Work order: Only the lines below from the one containing "Pre-owned Dior blue" through the one containing "バレンタインデーギフトボック" belong in the answer, set down exactly, with the pictures left out.

Material for this task:

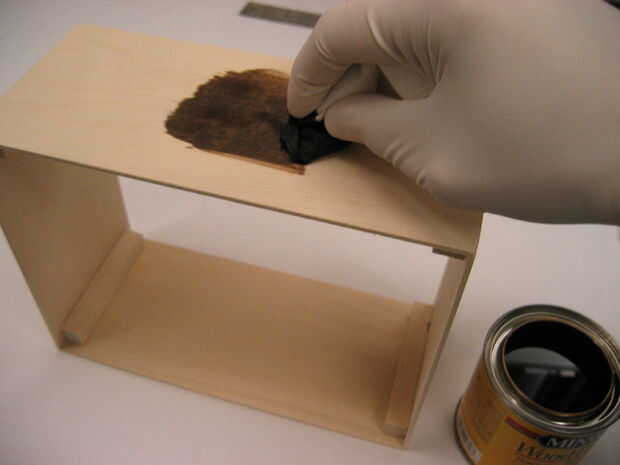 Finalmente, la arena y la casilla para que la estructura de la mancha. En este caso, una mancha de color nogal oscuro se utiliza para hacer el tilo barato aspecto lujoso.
---
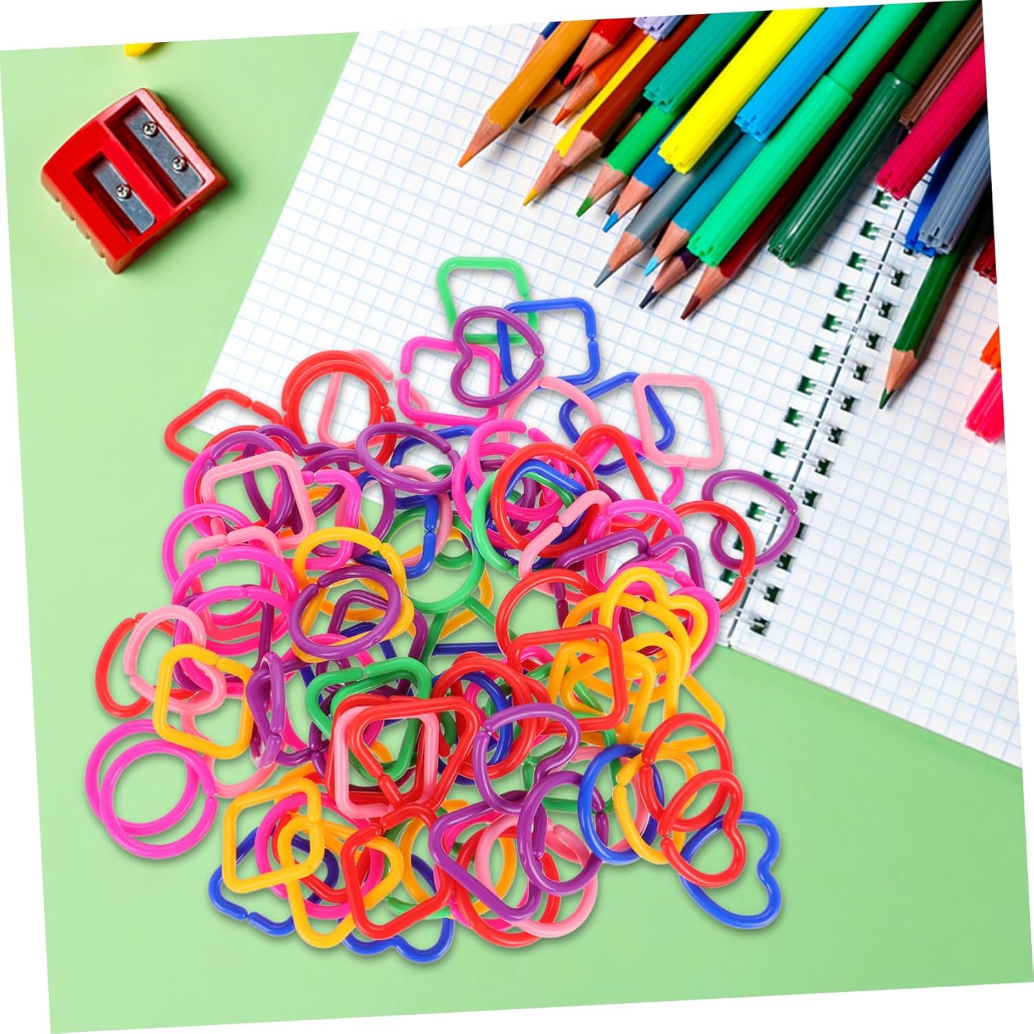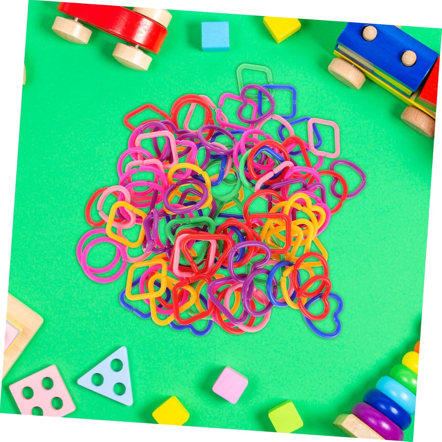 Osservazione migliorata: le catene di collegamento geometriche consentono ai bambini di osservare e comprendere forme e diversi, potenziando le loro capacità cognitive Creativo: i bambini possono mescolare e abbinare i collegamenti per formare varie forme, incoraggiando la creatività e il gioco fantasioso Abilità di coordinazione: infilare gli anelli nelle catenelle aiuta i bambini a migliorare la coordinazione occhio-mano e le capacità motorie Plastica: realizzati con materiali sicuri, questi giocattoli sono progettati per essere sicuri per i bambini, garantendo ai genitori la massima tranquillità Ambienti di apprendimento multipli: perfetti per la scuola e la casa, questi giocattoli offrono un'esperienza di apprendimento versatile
==
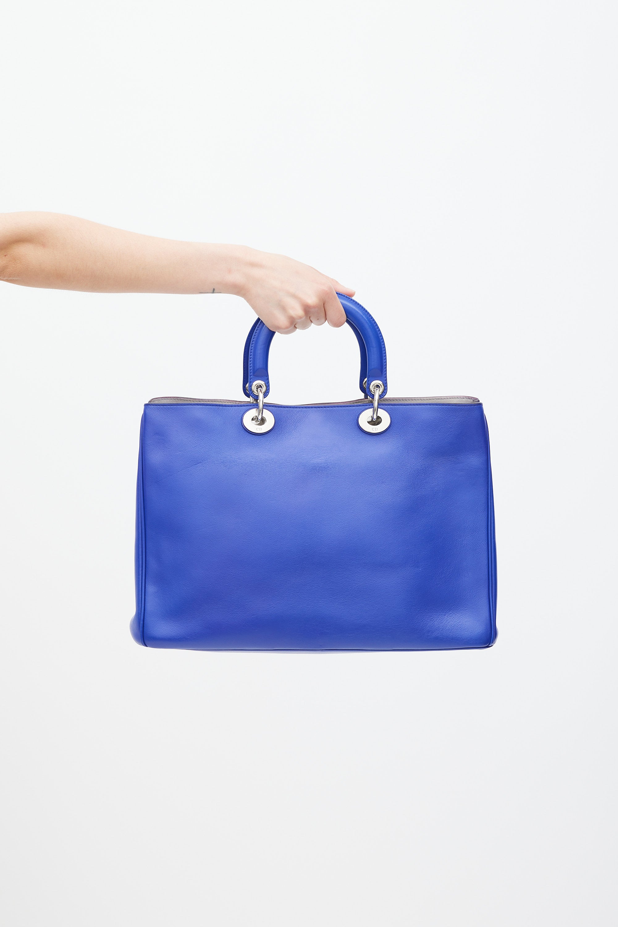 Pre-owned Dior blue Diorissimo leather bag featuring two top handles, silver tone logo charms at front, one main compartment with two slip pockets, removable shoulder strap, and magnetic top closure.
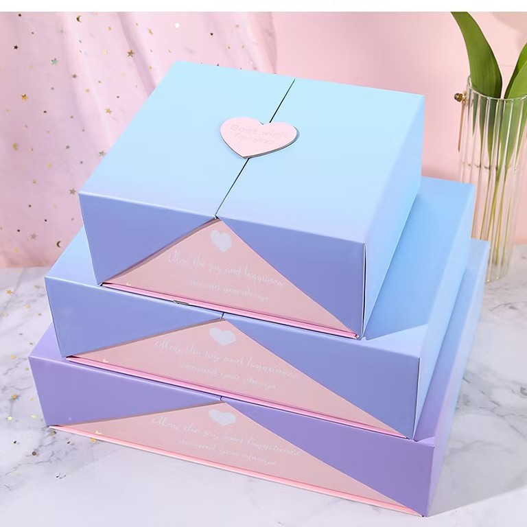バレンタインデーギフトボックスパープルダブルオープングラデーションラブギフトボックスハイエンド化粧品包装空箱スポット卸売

Answer to this exercise:
 Pre-owned Dior blue Diorissimo leather bag featuring two top handles, silver tone logo charms at front, one main compartment with two slip pockets, removable shoulder strap, and magnetic top closure.
バレンタインデーギフトボックスパープルダブルオープングラデーションラブギフトボックスハイエンド化粧品包装空箱スポット卸売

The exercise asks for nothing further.